The above ways have the same problems as Answer 2 and do not preserve the integrity of the file. However, you can use a regular expression to convert the date having a proper format. But to do so, you may need to write even longer code.

Anyway, can you do the above way EASILY during logging into the server with SSH? For example, do you write the above code for every log of not only /var/log/secure but also Apache, etc.? This is not a one-liner, but a script, and it will kill your SSH session while you're staring at Stack Overflow.

Problems between Shell and UNIX commands

The question exposes the weakness of the Shell and UNIX commands.

Problem 1

Typical UNIX commands are connected using Shell's pipes.

  • The command takes the ENTIRE standard input and processes it.
  • The pipe passes the ENTIRE standard input to the command.

That's why Shell is called a "glue language" sometimes. This idea is very powerful, but at the cost of it, each command cannot "choose what to process". As a result, most commands cannot handle the files or the input "partially".

Problem 2

On the other hand, some commands can "choose what to process". They are sed, awk, perl, etc. In other words, if the solution requires partial modification of the data, you have to use those interpreters.

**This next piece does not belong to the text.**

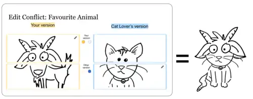 - Merge, by determining if the edits are in unrelated parts of the file and combining without user intervention.

Also, when using these commands, "choose what to process" and "process the data" must be done in the same world provided by the command.

## Choose the lines between particular two lines (one includes AAA, another one includes BBB)
## ..and modify the chosen lines.
... | sed '/AAA/,/BBB/{ s/hoge/fuga/g }'

## Choose 1st, 3rd columns
## ..and modify them
... | awk '{gsub("A","B",$1);gsub("B","C",$3);print}'

## Choose the part matched with the regex
## ..and modify the part
... | perl -nle '/^(......)(...)/; $a=$1;$b=$2; $b =~ s/./@/g; print "$a$b"'

That forces you to make a "script" (that is no longer the "one-liner" in many cases). Because in this world, you have to follow the restriction of the interpreter.

Problem 3

There is a way to create the one-liner as simply as possible without involving the above complications. It's calling the command from within the while statements or the interpreter.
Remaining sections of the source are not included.